The stack at a glance
| Layer | What we use | Plain English |
|---|---|---|
| Cluster | EKS or GKE | Rented Kubernetes from Amazon or Google. |
| Runtime isolation | Kata Containers with Firecracker | Tiny VMs that wrap each pod with a real hardware wall. |
| Scale to zero | Knative Serving | Turns pods off when idle, boots on demand. |
| Network policy | Cilium or Calico | Decides who is allowed to talk to whom. |
| Auth | Supabase | Handles login, sessions, SSO. |
| Metadata DB | Postgres | Long term memory. Users, agents, permissions, billing. |
| Session cache | Redis | Short term memory. Live chat state. |
| Object storage | S3 or GCS | Files, attachments, backups. |
| Analytics | PostHog | Who clicked what. |
| Errors | Sentry | What broke and where. |
| Frontend | React (@houston-ai/*) | The same components the desktop already uses. |
| Agent runtime | houston-engine + CLIs | The same Rust binary that runs on the desktop today. |
Why this shape
Agents can read each other's stuff. If two agents share a machine and one of them is told "read the other guy's files," it can. Solution: each agent gets its own machine. Done.

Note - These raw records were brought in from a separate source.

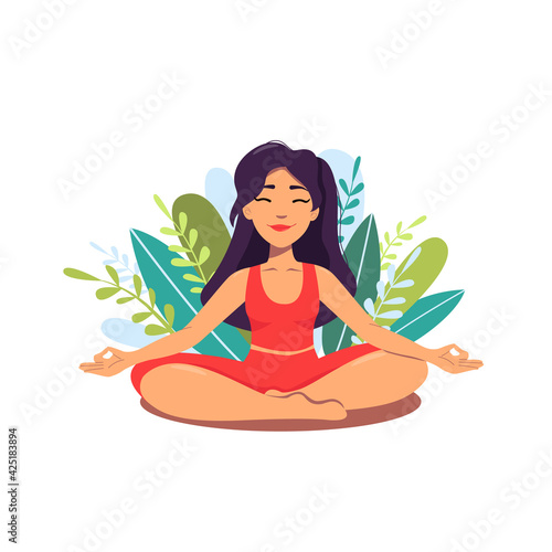 Woman meditating in the Lotus position and saying Om. Woman practising the guided meditation. Modern flat illustration on yoga topic. Woman practise meditation
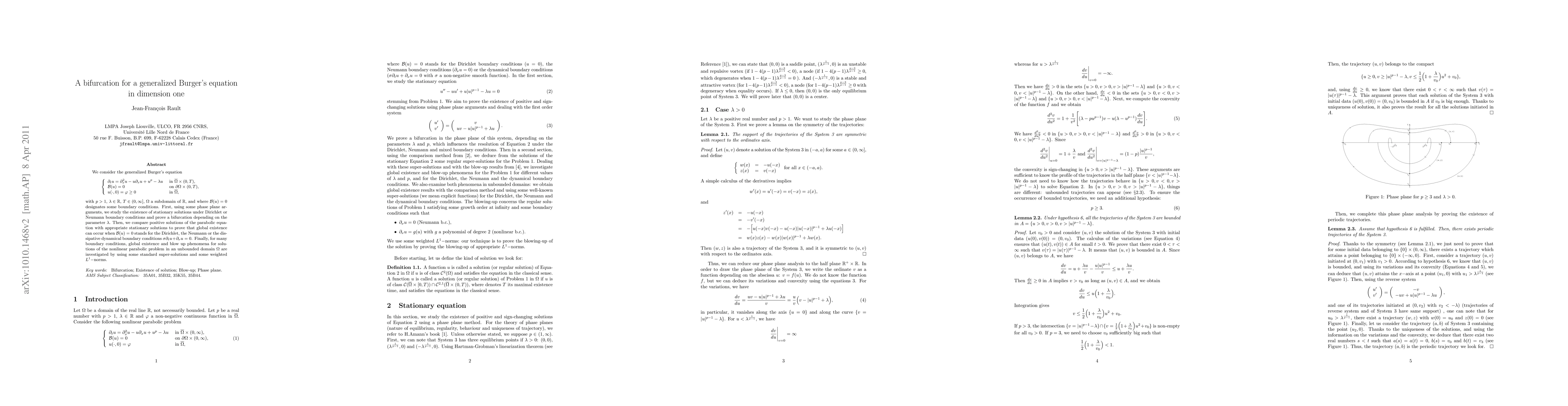 We consider a generalized Burger's equation (dtu = dxxu - udxu + up - {\lambda}u)in a subdomain of R, under various boundary conditions. First, using some phase plane arguments, we study the existence of stationary solutions under Dirichlet or Neumann boundary conditions and prove a bifurcation depending on the parameters. Then, we compare positive solutions of the parabolic equation with appropriate stationary solutions to prove that global existence can occur for the Dirichlet, the Neumann or the dissipative dynamical boundary conditions {\sigma}dtu+d{\nu}u = 0. Finally, for many boundary conditions, global existence and blow up phenomena for solutions of the nonlinear parabolic problem in an unbounded domain are investigated by using some standard super-solutions and some weighted L1-norms.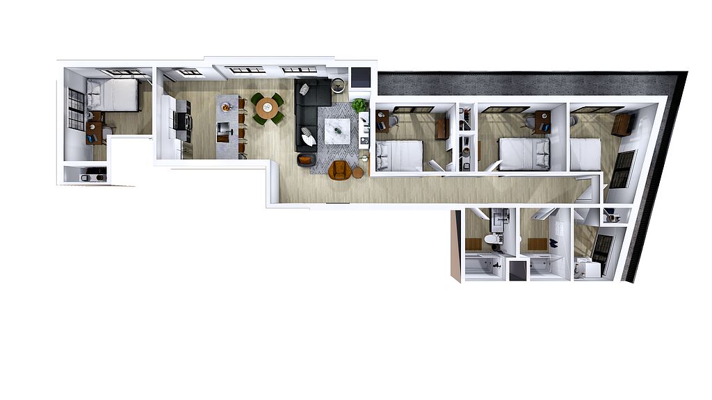 Each apartment features high ceilings, large windows, and a spacious, light-filled layout. Interiors include stainless steel appliances, quartz countertops, and contemporary finishes. Residents also enjoy secure underground parking and controlled building access. With its convenient location and modern amenities, The Point on Main offers comfortable, high-quality living in the heart of Ann Arbor.

Idle agents cost money. A sales bot used once a day shouldn't cost the same as one running 24 by 7. Solution: turn off the box when nobody's talking. Knative does it for us.

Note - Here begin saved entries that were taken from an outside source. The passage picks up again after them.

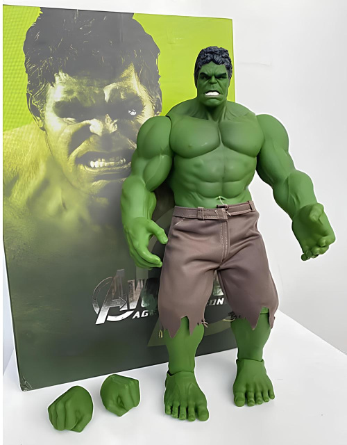 Огромные фигурки Халка вселенной Мстителей RESTEQ! В комплект также едет пара сменных кистей. У статуэтки 10 точек артикуляции. Материал - АБС-пластик, ткань. Халк в высоту - 42 см! Ширина - 24 см. Вес - 540 г.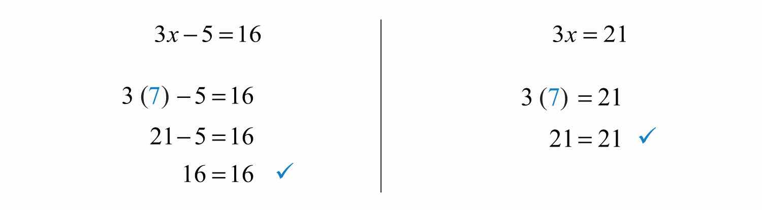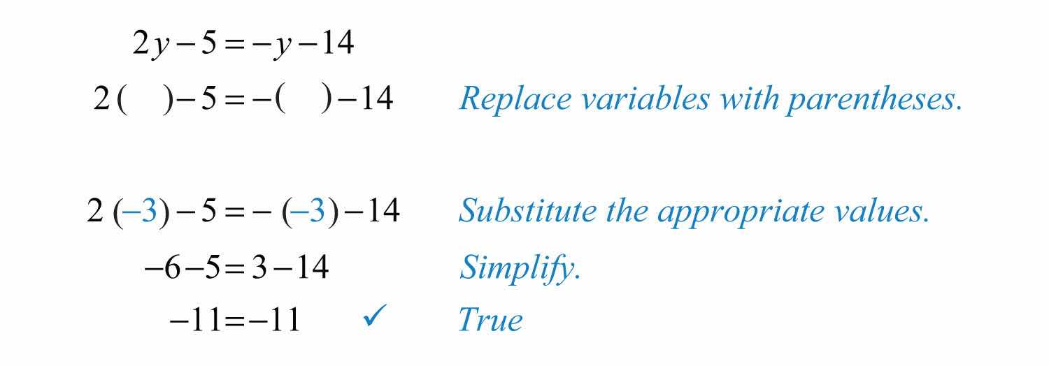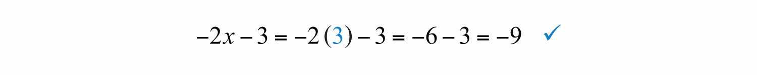Alternatively, when an equation is equal to a constant, we can verify a solution by substituting the value for the variable and show that the result is equal to that constant. In this sense, we say that solutions satisfy the equationAfter replacing the variable with a solution and simplifying, it produces a true statement..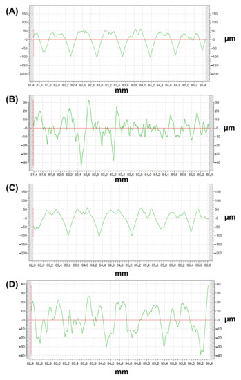 Roughness profiles of the steel-filled 3D printed samples. (A) 0.6 mm external roughness (first layer). (B) 0.6 mm internal roughness (second layer). (C) 0.7 mm external roughness (first layer). (D) 0.7 mm internal roughness (second layer).

Different teams can't share a machine. Acme's HR agent should never accidentally route to Globex. Solution: each team in its own Kubernetes namespace, walled off with NetworkPolicy.

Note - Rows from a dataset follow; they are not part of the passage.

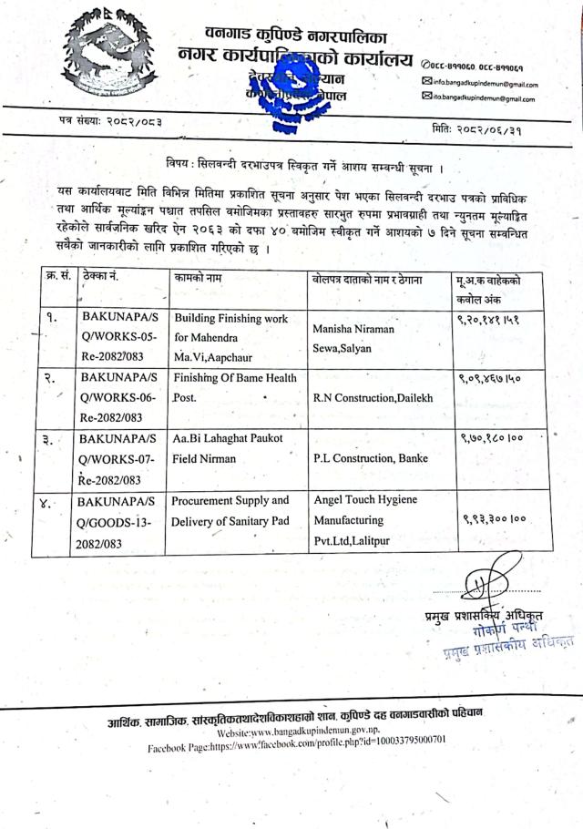 ठेक्का स्वीकृत गर्ने आशय सम्बन्धी सूचना।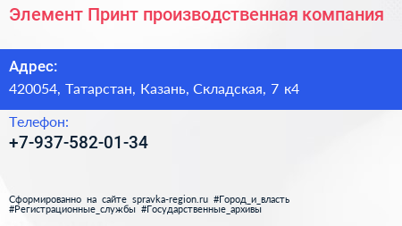 Элемент-Принт, производственная компания по адресу 420054, Татарстан, Казань, Складская, 7 к4 в дальнейшем Организация, размещена в следующих категориях:
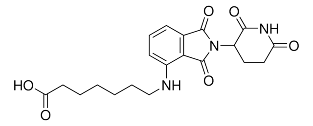 Protein degrader builiding block Pomalidomide-C6-CO2H enables the synthesis of molecules for targeted protein degradation and PROTAC (proteolysis-targeting chimeras) technology. This conjugate contains a Cereblon (CRBN)-recruiting ligand and an alkyl-chain crosslinker with pendant carboxylic acid for reactivity with an amine on the target ligand. Because even slight alterations in ligands and crosslinkers can affect ternary complex formation between the target, E3 ligase, and PROTAC, many analogs are prepared to screen for optimal target degradation. When used with other protein degrader building blocks with a pendant carboxyl group, parallel synthesis can be used to more quickly generate PROTAC libraries that feature variation in crosslinker length, composition, and E3 ligase ligand.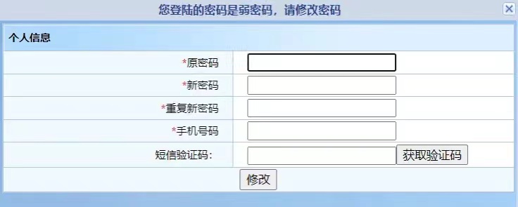 为进一步提升密码防护等级,在初次登录后,须修改密码及手机号码。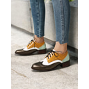 Women's Multicolor Brogue Oxford Shoes with Chevron Pattern and Contrasting Faux Leather Panels – Vintage-Inspired Lace-Up Flats |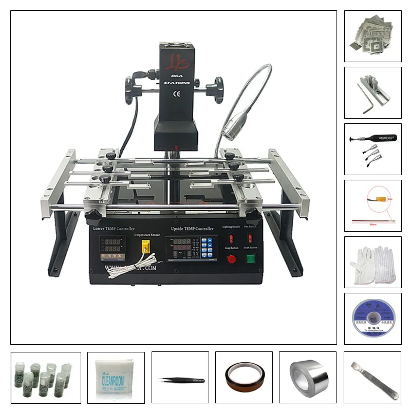 ВведениеIR6500 V.2 паяльная станция для материнских плат для ноутбуков, настольных компьютерных материнских плат, серверных плат, промышленных компьютерных досок, всех видов игровых досок, аппаратуры связи материнских плат, ЖК-телевизоров и других больших печатных плат BGA переработка.

Agent state has to survive a restart. The agent's notes, memory, OAuth tokens. Solution: per agent persistent volume. Disk lives even when the pod doesn't.
What we are not doing
Three architectural rejects, so we don't relitigate them later.
- Pod per user, agents share a pod. Cheaper, simpler, fewer pods to schedule, but loses the per agent trust boundary. Requires
bubblewrapor similar sandboxes inside the pod. Rejected: the pod boundary is free, why fight it. - Throw away our engine, run Hermes or OpenClaw. Their engines are great. They are also competitors with funded teams and fast moving APIs. Rejected: stay on
houston-engine, freeze it at "good enough," invest hours into the moat layer (UX, Composio, deployment) instead. - Bubblewrap inside the pod. Was Plan A when we thought one pod served a whole team. With pod per agent, the pod itself is the wall. Bwrap becomes redundant complexity.
What this buys us
- Clean trust boundary. Pod equals agent equals isolation. No clever sandboxing.
- Scale to zero. A customer with 10,000 agents pays only for the ones currently in a conversation.
- Real team isolation. Workspace boundary is enforced by Kubernetes, not aspiration.
- Reuses the engine. No rewrite. Container image is just
houston-engineplus the CLIs. - Multi engine optional later. The pod can hold any runtime that speaks our supervisor protocol. We don't decide now.
Chapters 2 through 9 explain each piece of the stack from the ground up. Chapter 10 walks through a single message end to end. Chapter 11 is the build order with gates. If you only have ten minutes, you just read the most important chapter.